ASSIGNMENT: Note each line in the data below that holds "School", and copy it.

AVAILABLE DATA:
⟨

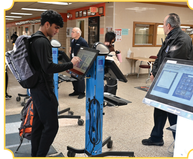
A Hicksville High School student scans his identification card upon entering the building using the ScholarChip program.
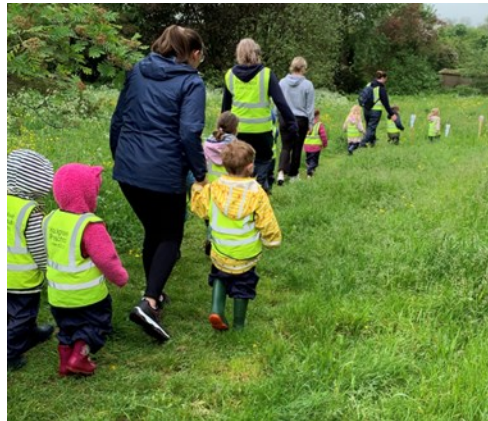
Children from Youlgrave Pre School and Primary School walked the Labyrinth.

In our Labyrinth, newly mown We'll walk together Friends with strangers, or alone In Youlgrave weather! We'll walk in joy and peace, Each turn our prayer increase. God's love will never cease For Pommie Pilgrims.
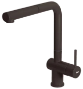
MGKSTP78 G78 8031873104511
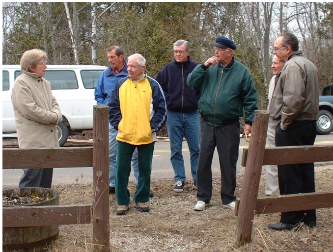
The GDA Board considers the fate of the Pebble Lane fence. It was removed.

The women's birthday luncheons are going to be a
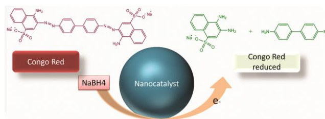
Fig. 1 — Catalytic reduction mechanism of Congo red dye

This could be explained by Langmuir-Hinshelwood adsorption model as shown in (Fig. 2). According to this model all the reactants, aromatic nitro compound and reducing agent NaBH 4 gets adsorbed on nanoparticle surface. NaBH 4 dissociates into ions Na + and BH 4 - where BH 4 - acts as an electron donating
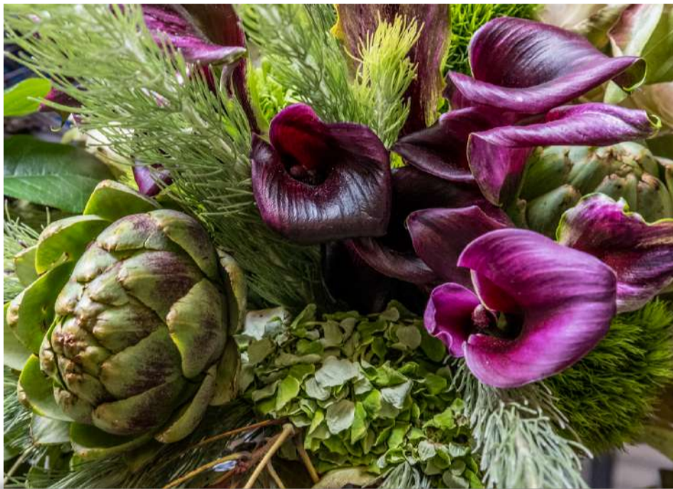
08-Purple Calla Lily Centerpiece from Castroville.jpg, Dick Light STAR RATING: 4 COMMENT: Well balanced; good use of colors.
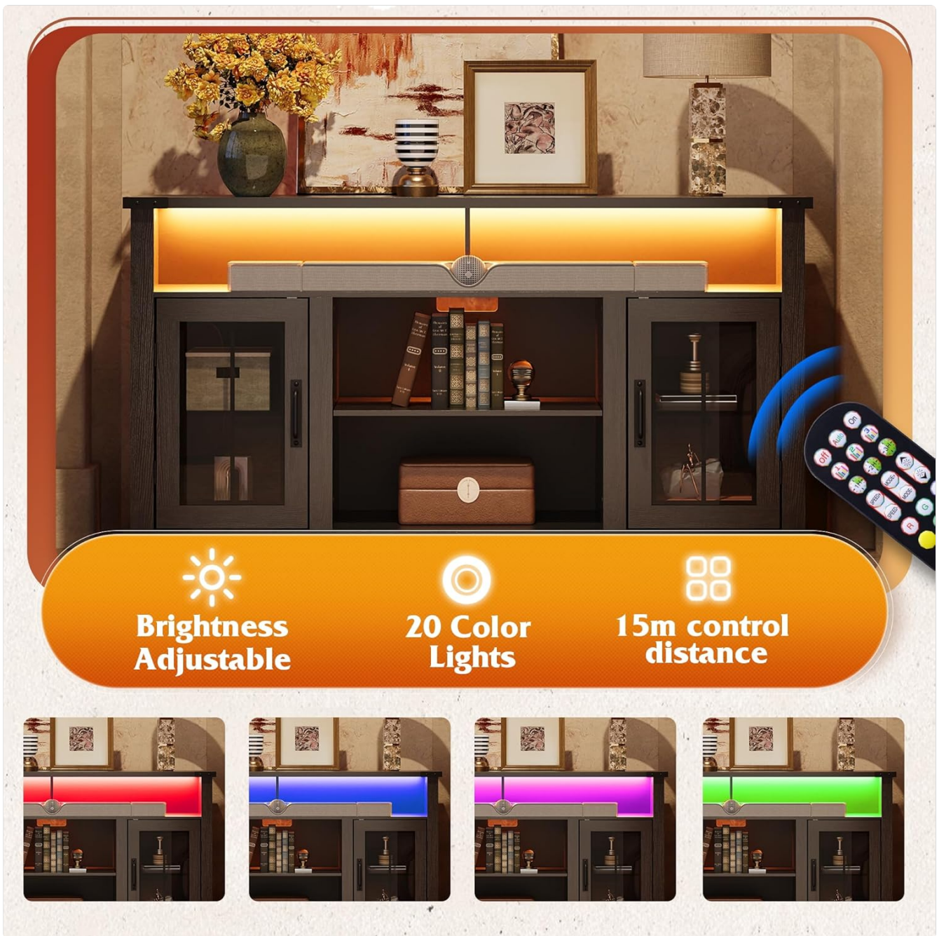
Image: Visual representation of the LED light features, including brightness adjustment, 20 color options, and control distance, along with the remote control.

⟩
⟨

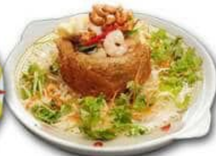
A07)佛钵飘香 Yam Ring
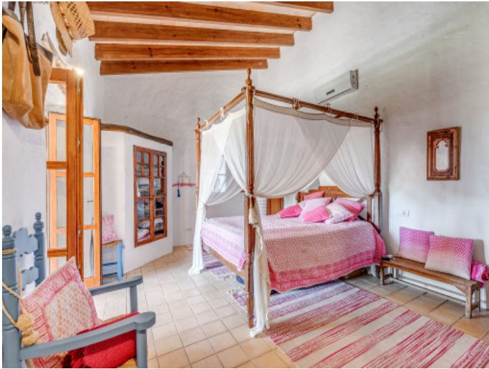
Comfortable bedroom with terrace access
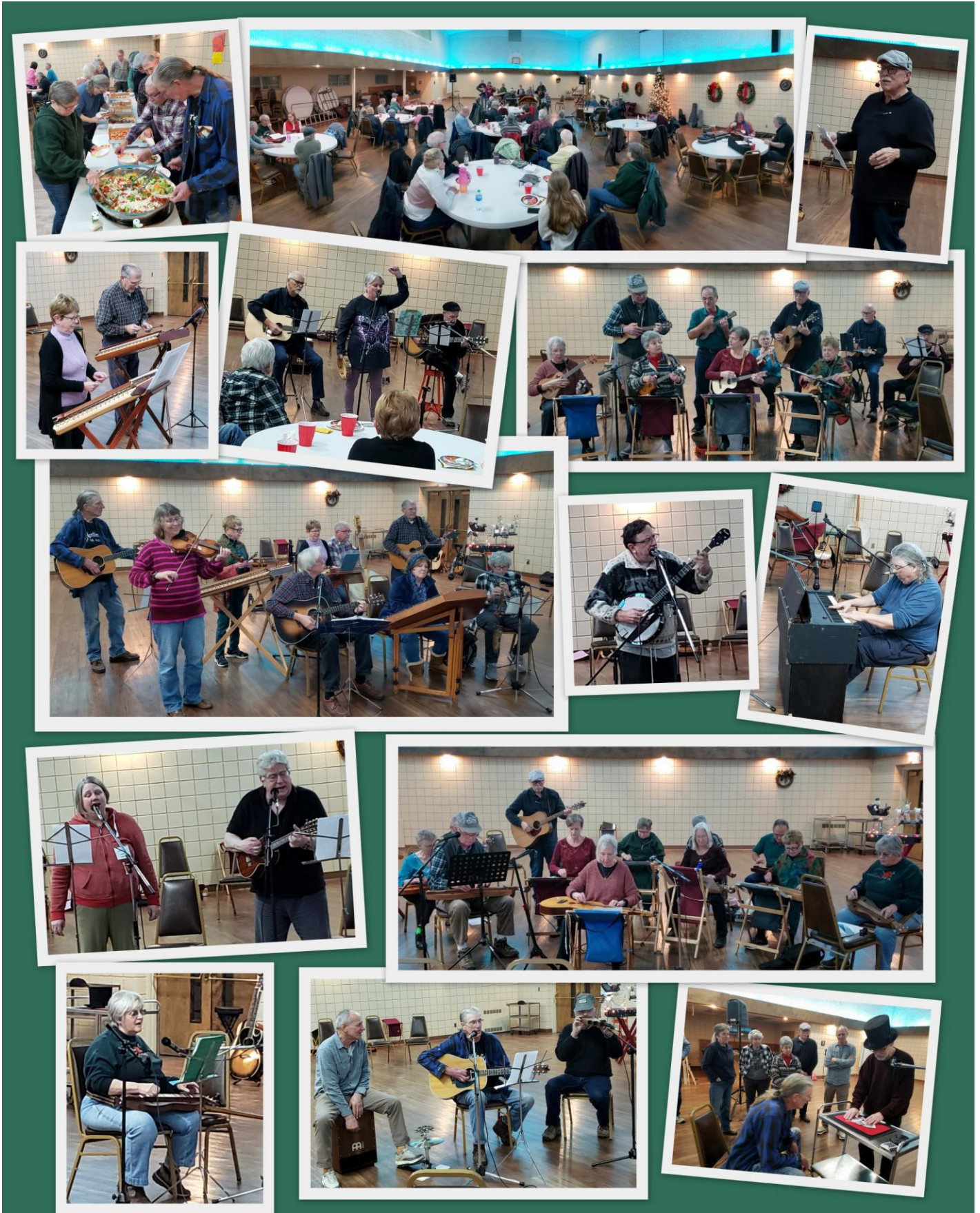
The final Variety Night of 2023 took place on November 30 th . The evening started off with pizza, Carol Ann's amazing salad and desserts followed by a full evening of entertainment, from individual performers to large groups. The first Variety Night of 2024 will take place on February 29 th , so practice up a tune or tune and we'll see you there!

⟩
⟨

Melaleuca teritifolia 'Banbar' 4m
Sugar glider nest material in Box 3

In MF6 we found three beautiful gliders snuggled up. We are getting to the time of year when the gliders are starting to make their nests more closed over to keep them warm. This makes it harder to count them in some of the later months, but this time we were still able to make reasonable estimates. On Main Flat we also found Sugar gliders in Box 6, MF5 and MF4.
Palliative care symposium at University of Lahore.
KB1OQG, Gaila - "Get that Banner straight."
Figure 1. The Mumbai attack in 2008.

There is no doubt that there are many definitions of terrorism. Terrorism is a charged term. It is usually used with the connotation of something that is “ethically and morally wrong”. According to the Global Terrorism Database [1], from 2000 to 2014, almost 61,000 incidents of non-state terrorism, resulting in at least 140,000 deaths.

⟩

TASK ANSWER:
A Hicksville High School student scans his identification card upon entering the building using the ScholarChip program.
Children from Youlgrave Pre School and Primary School walked the Labyrinth.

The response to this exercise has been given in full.